Having read around a bit, it seems that this behaviour is for signal handling. The fgets blocks until completed, and if something goes pear-shape in the system call, might lock the program progression. So fgets returns NULL and sets errno to EINTR if interrupted by a signal, giving the caller the opportunity to check flags set by the signal handler and handle recovery. In this case there is (I think) no handler in scope, so the “correct” response should be to retry: something along the lines of
errno = 0;
while (fgets(...) == NULL)
{
if (errno != EINTR)
return 1;
errno = 0;
}
possibly have some counter to limit the number of retries. Now I think it would be a bit ill-mannered of me to suggest that GMT implements this for all fgets calls (I see there are 50+ in the codebase), and I think can fix my usescase by doing the essentially the same retry mechanism around the call to GMT_Call_Module, since errno will still be EINTR there on failures. So could I suggest that I make that fix, check that it works and provide a link to the change here – then similar could be implemented by other GMT wrappers if affected by the same issue (I’m thinking pyGMT).
For a bit more context, the code here is a Ruby program which calls the GMT C API in a native extension, and that Ruby program is acceptance tested by BATS which is using GNU parallel for parallelisation, I’m pretty sure (but not certain) it’s one of these later two which is generating the problematic signals. It’s in the native extension that I plan to implement the fix, some more notes here.
The gmt_check_executable function (that calls the sometimes-failing code) is not called in many places. Basically by psconvert and when plotting latex expressions, so if it solves this case I think we could apply your patch directly at gmt_run_process_get_first_line. Can you find how many times that while loop would have to be executed in order to jump the first failure?
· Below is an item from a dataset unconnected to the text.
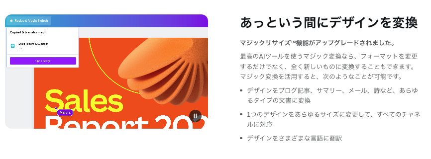 膨大なデザインデータから学習したパターンをもとに色やフォント、レイアウトなどの要素を自動的に組み合わせるため、デザイン初心者でもプロフェッショナルな仕上がりを実現できます。

I think that the failure occurring in gmt_check_executable is just bad luck, in my particular case that happens to be running at about the same time as a signal is delivered, and occasionally it hits during its execution … I think it is reasonable for the GMT library to error in this way – if the user chooses to use it in a signal-heavy environment, then they (I) should be expected to deal with the EINTRs. Arguably the GMT commandspsconvert etc could/should do similar, since the user has no visibility of errno so cannot reasonably retry on failure. But this is obviously a rare failure mode (else there would be reports) so I guess low priority.
In any case, the fix I mentioned above does seem to do the trick – in this change I modify the GMT gem so that if any of the calls to GMT API functions fails and sets errno, then the Errno::<name> exception is raised (in Ruby), and in the Ruby code I have
begin
gmt.psconvert(...)
rescue Errno::EINTR
retry
end
and now I run the acceptance tests in parallel numerous times and don’t see any errors.
As a sort of aside, with this new facility of making errno visible via the Ruby-C native extension, I find that all GMT programs set errno to ENOENT (file not found) on calling -^, -? or -+ , not an issue but a bit odd.
I have no idea why that happens. The only references to ENOENT I find in the GMT code is when it tests if a directory exists. As in
GMT_LOCAL int psconvert_make_dir_if_needed (struct GMTAPI_CTRL *API, char *dir) {
struct stat S;
int err = stat (dir, &S);
if (err && errno == ENOENT && gmt_mkdir (dir)) { /* Does not exist - try to create it */
Sure, but popen calls fork and runs shell against the arguments in the child process. One could avoid the shell by doing a fork and exec yourself, but adds complexity (and I see in a few places shell is actually required, wildcards etc).
Sure I don’t want to spend time on that. But, from memory, there is no fork on Windows. To build GMTSAR with MSCV I had to find some 3rd party implementation of fork.